Demographic characteristics were similar between boys and girls with regards to parent education and household income (p > 0.05). A higher portion of girls started puberty at baseline compared to the boys (39.6% vs. 8.8%, respectively; p < 0.0001) and also had a lower BMI z-score, although this was not statistically significant (0.99 vs. 1.08, respectively; p = 0.12). Additionally, boys were more likely to meet physical activity recommendations than girls (13.4% vs. 2.8%; p < 0.0001). No sex differences in symptoms of depression levels at baseline or follow-up were detected, nor in any of the safety measures (objective and perceived).
In the studied sample, individual total scores reflecting symptoms of depression were generally low at both baseline (boys mean = 3.49, girls mean = 3.77, p = 0.22) and follow-up (boys mean = 3.54, girls mean = 3.67, p = 0.19).

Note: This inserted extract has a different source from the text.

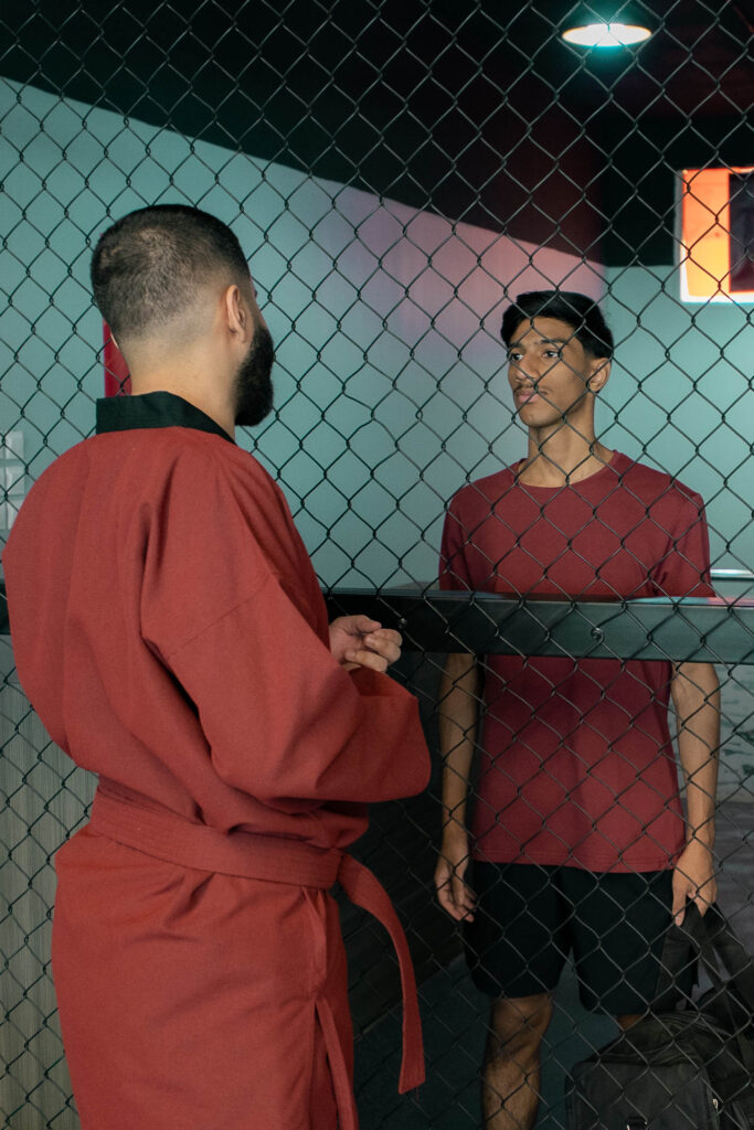 ويُركز المخرج على الأبطال، لافتاً إلى أن لديه “البطل والبطل”، أي سيف المالكي (راكان) وسلطان مسيري (خالد)، وهم من أبطال الكاراتيه ومن أبناء الرياض. ويُشير إلى عمله معهما وتدريبهما، من خلال تدريبات تمثيل محترفة، ولاحظ تطور أداءهما التمثيلي”. “الأولاد أذكياء وسريعي البديهة وكانوا يرفعون طاقة الحماس خلال التصوير”. ويحرص الجندل في معظم أعماله بأن يستكشف ممثلين جدد. يُبين المخرج خلفية شخصية ركان، لافتاً إلى أنه “توأم سيامي، وخلال عملية الفصل للتوأم توفي أخوه. وهذه الحالة سببت للوالد صدمة أدّت إلى رفضه للابن الباقي على قيد الحياة واتهامه بأنه السبب في وفاة توأمه، فيما يعيش الابن صراعًا داخليًا بينه وبين نفسه ويظن أنه السبب في موت أخيه”، لافتا إلى “صراعات داخلية كبيرة يعيشها راكان في سياق الأحداث”. ويُضيف المخرج أن الصراع الثاني هو علاقته مع أبيه، و”الغضب الذي يحاول السيطرة عليه داخل البيت، لكن كيف ينعكس هذا الأمر على ردود أفعال راكان خارج المنزل؟”.

Symptoms of depression at baseline and follow-up were moderately correlated with one another (r = 0.32, p < 0.0001, Table 3). Symptoms of depression at both baseline and follow-up were significantly negatively correlated to child perceived safety (r=-0.11, p < 0.05 and r=-0.12, p < 0.01 respectively). Parent and child perceptions of safety were positively but weakly correlated with one another (r = 0.13, p < 0.01). Visible disorder/neighborhood safety issues was moderately negatively correlated with parent perceived safety (r=-0.36, p < 0.0001) and positively correlated with road safety (r = 0.27, p < 0.0001). Because all the different safety measures were not strongly correlated with one another and variance of inflation was low (e.g., all below 1.4), evidence of multicollinearity was low. Accordingly, all the safety measures were included in the regression models simultaneously.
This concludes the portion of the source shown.